Question

The first energy level for an element lies at 1.154 x 10-20 J and the second energy level lies at 3.460 x10-201. Determine the wavelength and frequency of the photon emitted when an electron drops from the second energy level to the first level.
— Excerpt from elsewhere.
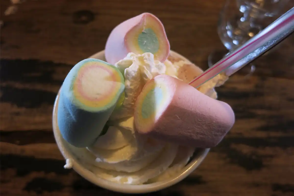 The skiing in Morillon is also ideal for families. The Marvel is a long scenic green run through the forest and is enjoyable for experienced skiers as well as beginners. There is also plenty of blue cruising in this part of the Grand Massif. Our favourite lunch stops are the Chalet D’Clair and Igloo mountain restaurants at the top of Morillon, which both offer extensive menus and where the food is always delicious. The Chantilly topped hot chocolates at Chalet D’Clair have always been good but this year the restaurant surpassed themselves using jumbo multi-coloured marshmallows!

In which region of the electromagnetic spectrum will I find that photon.

Answer 1

Given that energy of first energy level (E_{​​​​​​1}) = 1.154×10^-20 J

The energy of second energy level (E_{​​​​​​2}) = 3.460×10^-20 J

When electron drops from 2nd energy level to first energy level, the energy of emitted photon is

∆E = E_{​​​​​​2} - E_{​​​​​​1}

∆E = 3.460×10^-20 J -1.154×10^-20 J

= 2.306×10^-20 J

Wavelength and energy of photon are related as

∆E = hc/λ

λ = hc/ ∆E

Where h is a Planck's constant = 6.625×10^-34 J sec

C is the velocity of light = 3×10⁸ m/sec

λ = 6.625×10^-34 J sec * 3×10⁸ m/sec /2.306×10^-20 J

= 8.6188×10^-6

  = 8618.8×10^-9

= 8618.8 nm

Energy and frequency are related as

∆E = hν

ν = ∆E/h

= 2.306×10^-20 J /6.625×10^-34 J sec

= 0.348 ×10¹⁴ Hz

= 3.48×10¹³ Hz

This energy region corresponds to Infrared region.